__Work to complete__:
Once the pictures are set aside, reproduce the remaining data exactly.

__Data extract__:
========================================
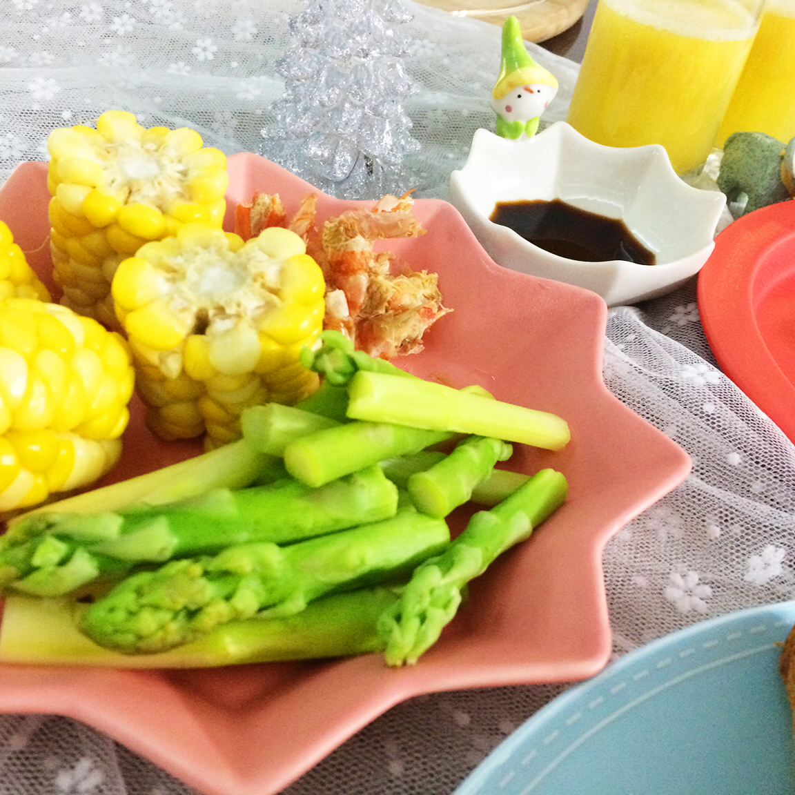 橙子苹果猕猴桃汁,水煮玉米、芦笋,冬日里的维生素
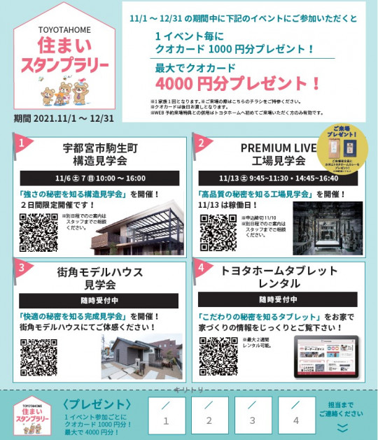 ☆住まいスタンプラリー開催☆ 11/6土・7日は トヨタホームの構造見学会です‼
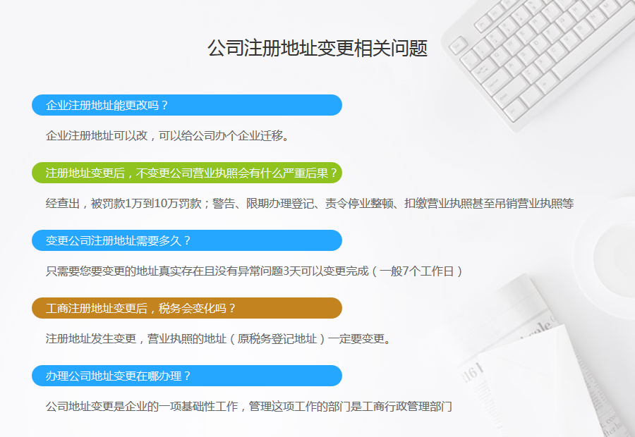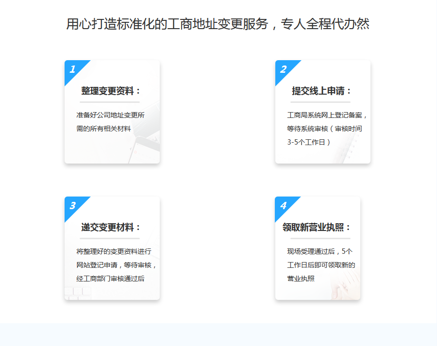 1、完成工商部门登记的地址变更及税务部门的备案(不含税务迁出、变更);
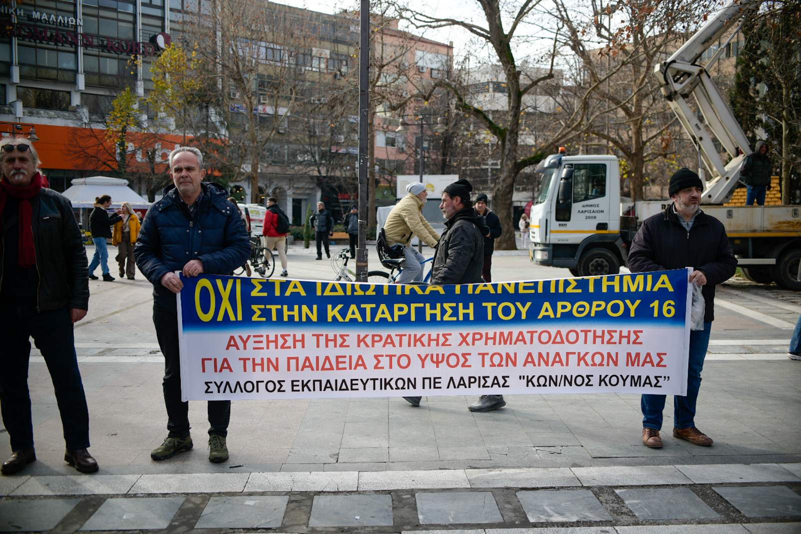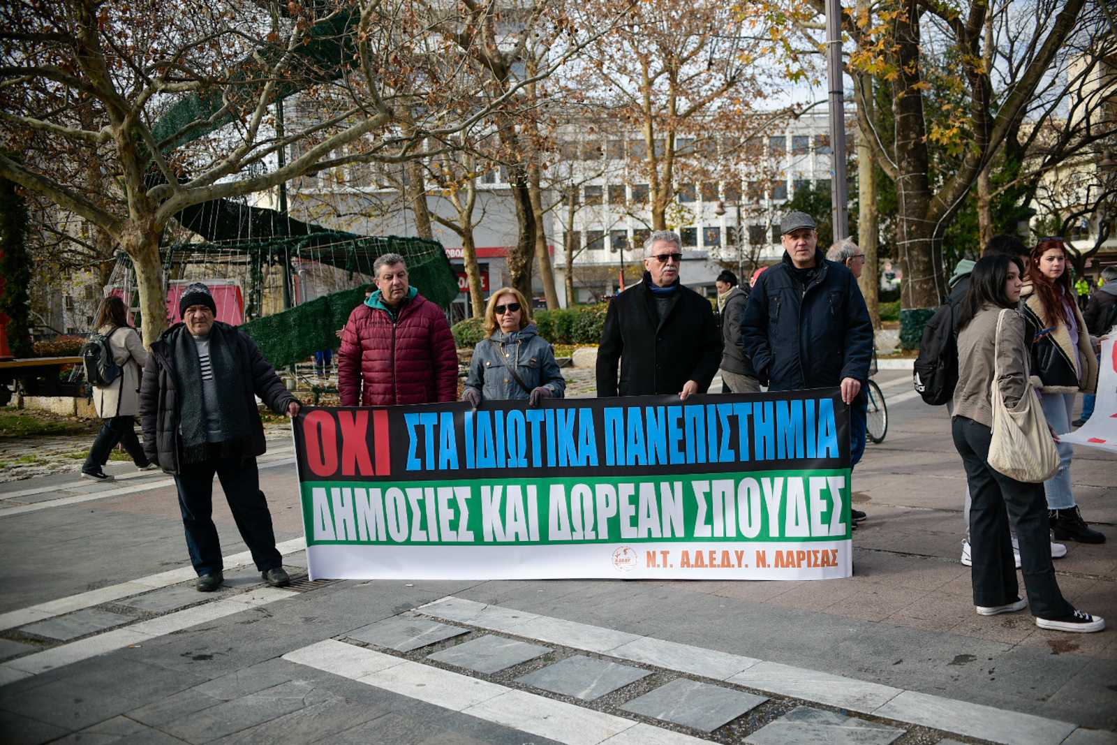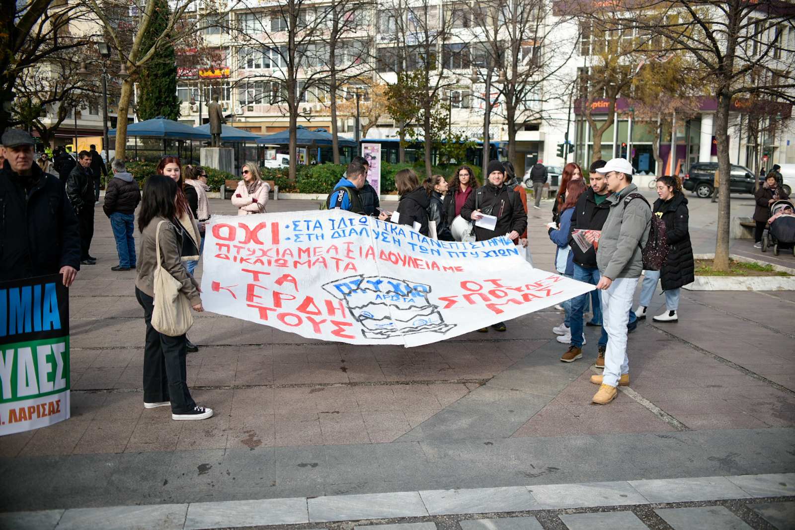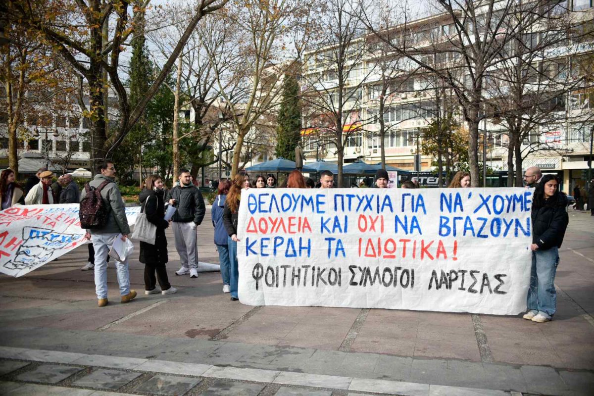 Ενάντια στο νέο νομοσχέδιο της κυβέρνησης που αφορά την ίδρυση των μη κρατικών Πανεπιστημίων διαμαρτυρήθηκαν σήμερα, το πρωί Πέμπτης, στην Κεντρική πλατεία της Λάρισας φοιτητικοί Σύλλογοι και άλλοι φορείς, κάνοντας λόγο για απαξίωση και υποβάθμιση της ποιότητας της εκπαίδευσης και των πτυχίων που θα παρέχονται από τα δημόσια ιδρύματα και καλώντας τον κόσμο να συστρατευθεί.
========================================
__Response__:
 橙子苹果猕猴桃汁,水煮玉米、芦笋,冬日里的维生素
 ☆住まいスタンプラリー開催☆ 11/6土・7日は トヨタホームの構造見学会です‼
 1、完成工商部门登记的地址变更及税务部门的备案(不含税务迁出、变更);
 Ενάντια στο νέο νομοσχέδιο της κυβέρνησης που αφορά την ίδρυση των μη κρατικών Πανεπιστημίων διαμαρτυρήθηκαν σήμερα, το πρωί Πέμπτης, στην Κεντρική πλατεία της Λάρισας φοιτητικοί Σύλλογοι και άλλοι φορείς, κάνοντας λόγο για απαξίωση και υποβάθμιση της ποιότητας της εκπαίδευσης και των πτυχίων που θα παρέχονται από τα δημόσια ιδρύματα και καλώντας τον κόσμο να συστρατευθεί.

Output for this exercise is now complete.